* Given records
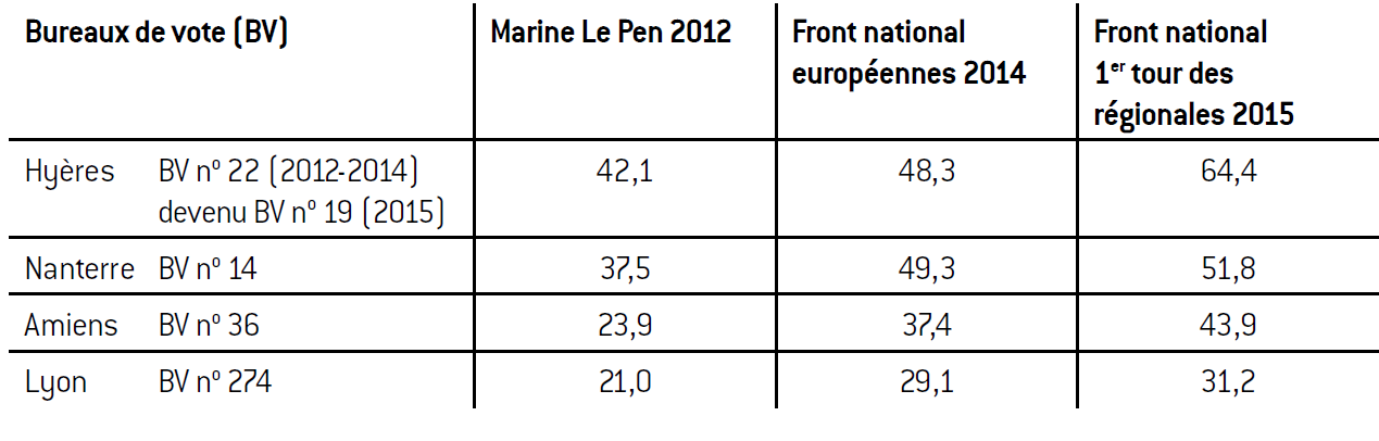 À Hyères, Amiens et Lyon, il s’agit de casernes de gendarmes mobiles, et à Nanterre, d’une caserne de la garde républicaine. Le bureau de Nanterre présente une autre spécificité qui est de ne compter parmi les inscrits sur la liste électorale uniquement que des gendarmes (en l’occurrence des gardes républicains) et leurs familles, alors que, dans les autres exemples cités, la population de gendarmes constitue certes une part importante du corps électoral du bureau de vote mais est associée à des «civils» habitant le quartier qui votent également dans le même bureau. Le cas de Nanterre permet donc de disposer d’un échantillon «chimiquement pur» pour suivre le vote des gendarmes, même s’il s’agit d’un corps spécifique qui est celui de la garde républicaine.
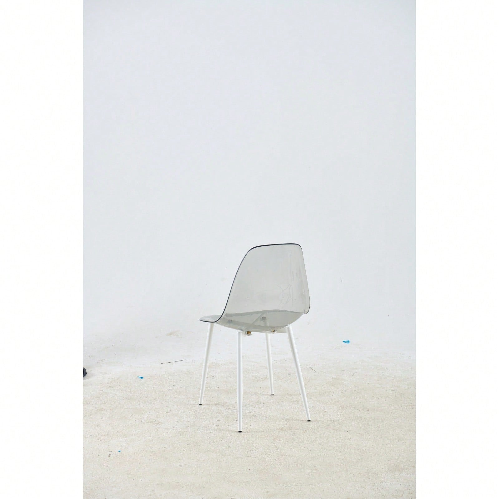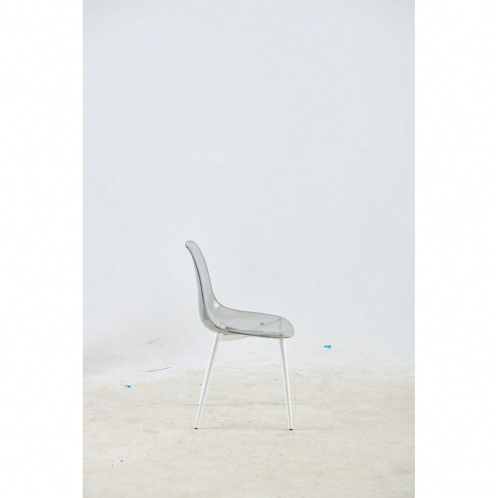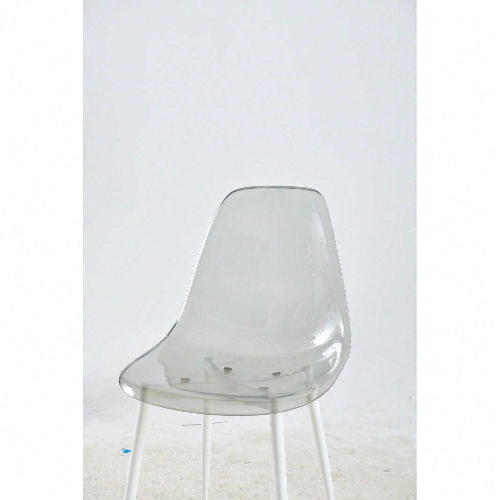 This set of four dining chairs offers a stylish and modern seating solution for your dining area. Each chair features a sleek and durable construction, combining a comfortable plastic seat with sturdy metal legs. The transparent grey color adds a touch of sophistication to any decor, seamlessly blending in with various styles. Designed for both comfort and practicality, these chairs are easy to assemble and maintain, making them an ideal choice for everyday use. The robust construction ensures long-lasting performance, providing reliable seating for you and your guests.
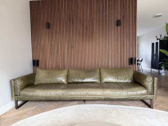 Le canapé d'appoint en cuir présente une allure élégante et robuste grâce à ses accoudoirs étroits et ses larges coussins. Il gagne ainsi en présence sans paraître massif. Ce canapé 4,5 places est confectionné en cuir aniline ouvert Massai, coloris Olive. Le cuir aniline naturel est teint dans la masse, directement dans la cuve, à l'aide de teintures aniline transparentes. La surface du cuir, à la structure ajourée, offre un toucher exceptionnellement doux et chaleureux. Caractéristiques : largeur 285 mm, largeur d'assise 243 mm, profondeur 94 mm. Piètement en bois fuselé de 19 cm de hauteur. Acheté chez Loods 5 au prix de 3 699 euros.
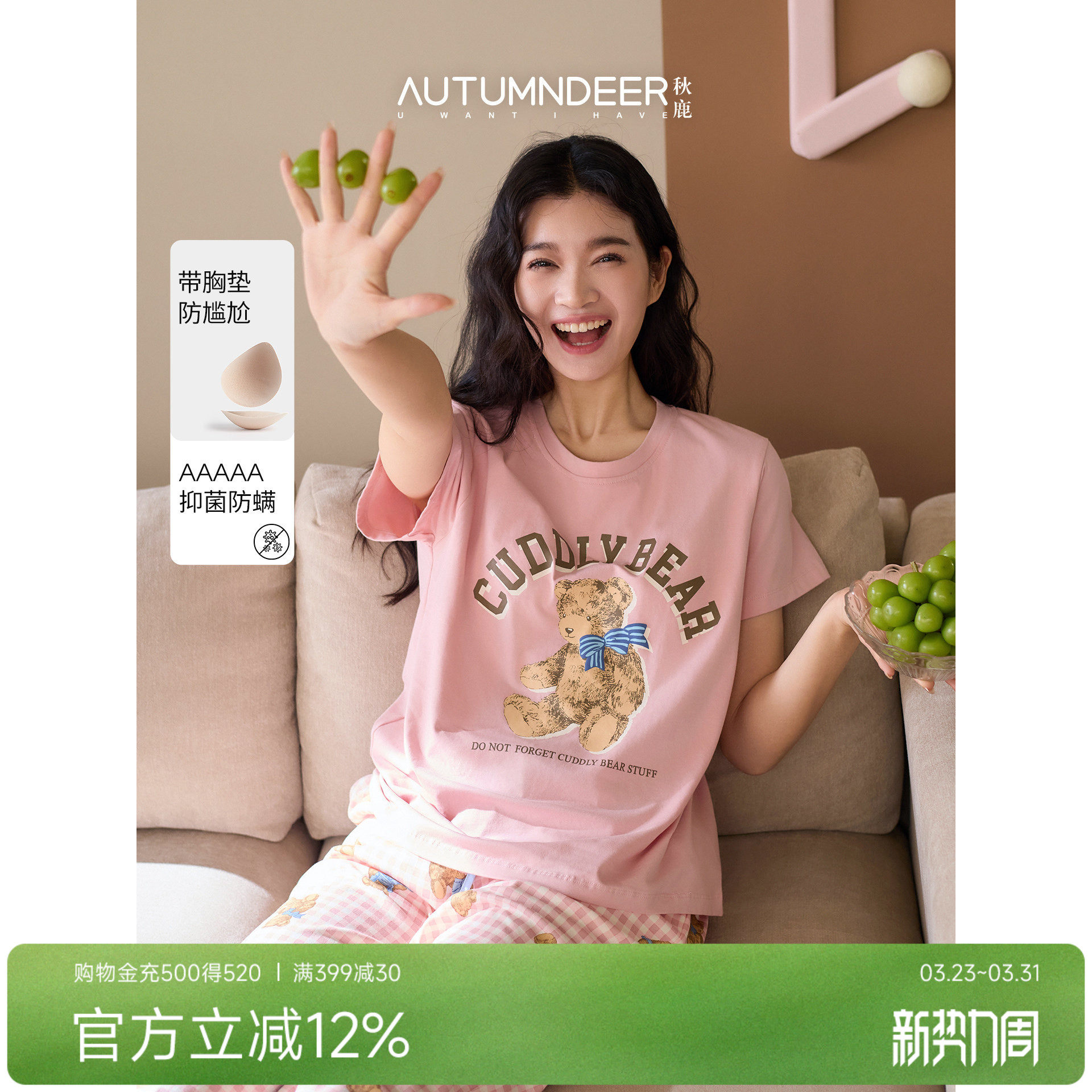 秋鹿带胸垫超柔纯棉抑菌卡通小熊睡衣女士短袖绝美2026新款家居服
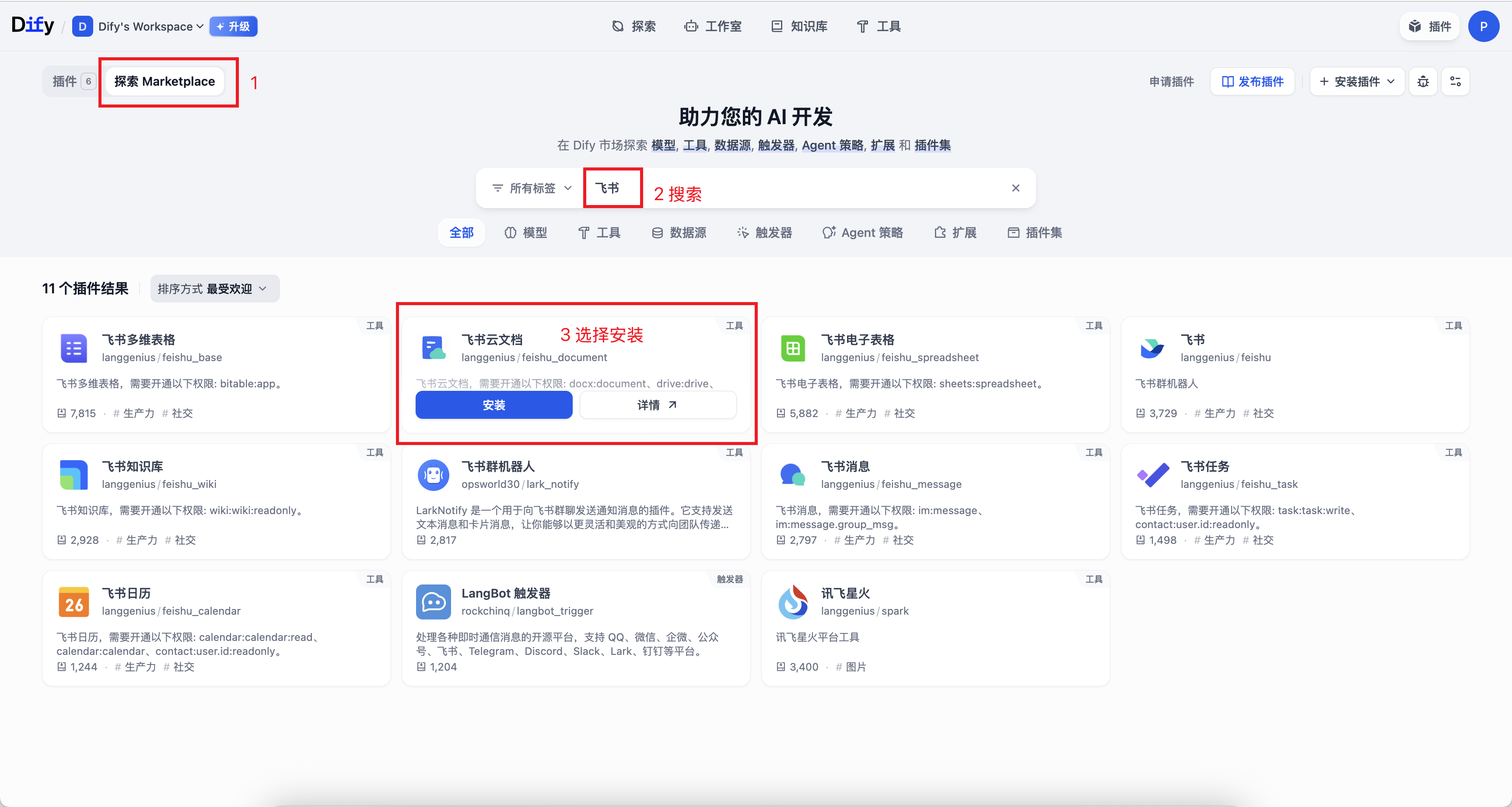 第一次在dify中使用飞书插件需要配置,下面我带大家一步步完成。
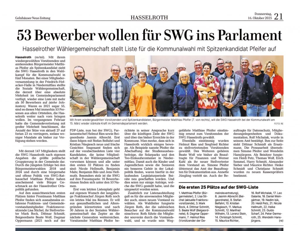 Weitere Informationen über die Aktivitäten der SWG Hasselroth sind auf Facebook, Instagram oder unter www.swg-hasselroth.de zu finden.
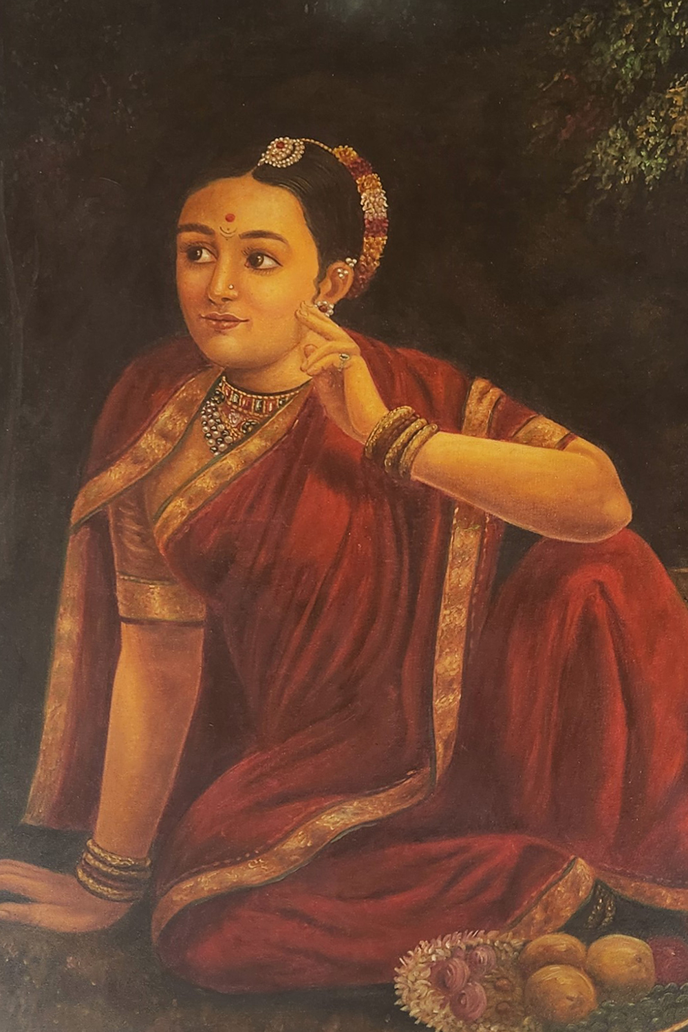 A captivating oil painting of a lady seated gracefully, adorned in a saree and traditional jewellery, exuding timeless beauty.

* Required work
Beginning at the line that contains "Le canapé d'appoint", transcribe it and every later line through the last line of the data above, exactly, and drop the pictures.

* Written answer
 Le canapé d'appoint en cuir présente une allure élégante et robuste grâce à ses accoudoirs étroits et ses larges coussins. Il gagne ainsi en présence sans paraître massif. Ce canapé 4,5 places est confectionné en cuir aniline ouvert Massai, coloris Olive. Le cuir aniline naturel est teint dans la masse, directement dans la cuve, à l'aide de teintures aniline transparentes. La surface du cuir, à la structure ajourée, offre un toucher exceptionnellement doux et chaleureux. Caractéristiques : largeur 285 mm, largeur d'assise 243 mm, profondeur 94 mm. Piètement en bois fuselé de 19 cm de hauteur. Acheté chez Loods 5 au prix de 3 699 euros.
 秋鹿带胸垫超柔纯棉抑菌卡通小熊睡衣女士短袖绝美2026新款家居服
 第一次在dify中使用飞书插件需要配置,下面我带大家一步步完成。
 Weitere Informationen über die Aktivitäten der SWG Hasselroth sind auf Facebook, Instagram oder unter www.swg-hasselroth.de zu finden.
 A captivating oil painting of a lady seated gracefully, adorned in a saree and traditional jewellery, exuding timeless beauty.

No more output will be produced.